Deadlier opioid now on streets

 

Police warned of drug so powerful it can kill in one breath

CT – The powerful synthetic opioid carfentanil has made its way to the area and was part of a drug cocktail that claimed its first victim, a man who died in Norwalk CT.

Officials last year said there was no clear indication the opioid, which the Drug Enforcement Agency says is often used as an elephant tranquilizer, was in the state. The opioid is 100 times stronger than the drug fentanyl, which caused three fatal overdoses in New Haven last June.

But the state of CT Office of the Chief Medical Examiner confirmed a man in Norwalk died on April 17 from an overdose involving carfentanil and other fentanyl analogues. The ME’s office said the man’s death, ruled accidental because it was an overdose, was caused by acute intoxication due to combined effects of carfentanil, fentanyl, acetyl fentanyl, butyryl fentanyl, heroin, Etizolam, methadone and alprazolam, an anxiety medication.

 The man also had a synthetic opioid called U-47700 in his system, another powerful opioid whose threat to public health prompted the DEA to make it a Schedule 1 narcotic.

The DEA says carfentanil is about 10,000 time stronger than morphine, which is often used in medical settings as a painkiller. Carfentanil’s potential presence in the state last year prompted the state’s Health Department to dispense a DEA fact sheet to hundreds of medical emergency service providers last fall. The opioid’s toxicity poses a threat not only to users, but responders who may come in contact.

It’s unclear how widespread the drug has become nationwide, though its presence in New England has been known for several months.

A trail of death

Carfentanil has been involved in at least six overdose deaths in New Hampshire since April, according to New Hampshire Public Radio. The Portland Press Herald reported the opioid claimed its first victim in Maine in April.

The Massachusetts State Police said three samples tested this week by their crime lab tested positive for carfentanil. It marked the first time the opioid had been identified in Massachusetts, but state police there said in the release they were not aware of any carfentanil overdose deaths in that state.

“Members of the general public and first responders are urged to be aware of the extreme lethality of carfentanil,” Massachusetts State Police said in a release. “Carfentanil can come in many forms, and can be mixed with other drugs or disguised as heroin.”

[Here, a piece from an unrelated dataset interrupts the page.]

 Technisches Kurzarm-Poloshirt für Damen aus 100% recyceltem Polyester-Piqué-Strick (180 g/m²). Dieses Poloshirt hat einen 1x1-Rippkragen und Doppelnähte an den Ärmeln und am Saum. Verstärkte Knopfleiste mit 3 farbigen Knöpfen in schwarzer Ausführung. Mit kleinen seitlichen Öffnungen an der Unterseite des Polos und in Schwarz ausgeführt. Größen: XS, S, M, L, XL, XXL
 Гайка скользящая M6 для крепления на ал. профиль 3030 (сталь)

In New Haven, the drug’s presence has prompted the Yale School of Medicine’s Community Health Care Van to train local drug users to test their opioids using a test strip to detect the presence of carfentanyl, according to van director Dr. Frederick L. Altice.

Altice said they’re advising clients not to use opioids alone and are providing more access to naloxone, the overdose antidote medication.

“More broadly, we are alerting all of our clients about this new information and training them that in the absence of wanting to use the test strips that they use smaller quantities as a ‘test’ to see if their ‘opioid’ is extraordinarily potent,” Altice said in an emailed response. “This information is disturbing and we remain majorly concerned but we are trying to be proactive.”

Last year, 917 people died from accidental drug overdoses in Connecticut. Fentanyl was found in 483 of those overdoses.

Fair Haven Community Health Center Vice President of Clinical Affairs Dr. Doug Olson said the public should be more informed about carfentanil.

“My personal experience is that there is not a great amount of knowledge, in at least the community that we serve, about carfentanil,” Olson said.

Olson’s clinic primarily serves low-income patients. While patients at the Fair Haven clinic haven’t said they’ve been using carfentanil, Olson said the clinic has made an effort to inform users about its potential danger.

It starts with photograph: Personnel at the clinic have been using an image showing how much of three kinds of opioids is needed to kill a person. The image includes heroin, fentanyl and carfentanil. Olson said it’s been shown to opioid users and cocaine users.

The visually-striking image, “really hammers the point home,” Olson said.

“Most people have not heard of it, don’t know that it can taint their substances,” Olson said. “They’re ill-informed. We try to inform them with the ultimate goal of helping them stop using it altogether or help them use less.”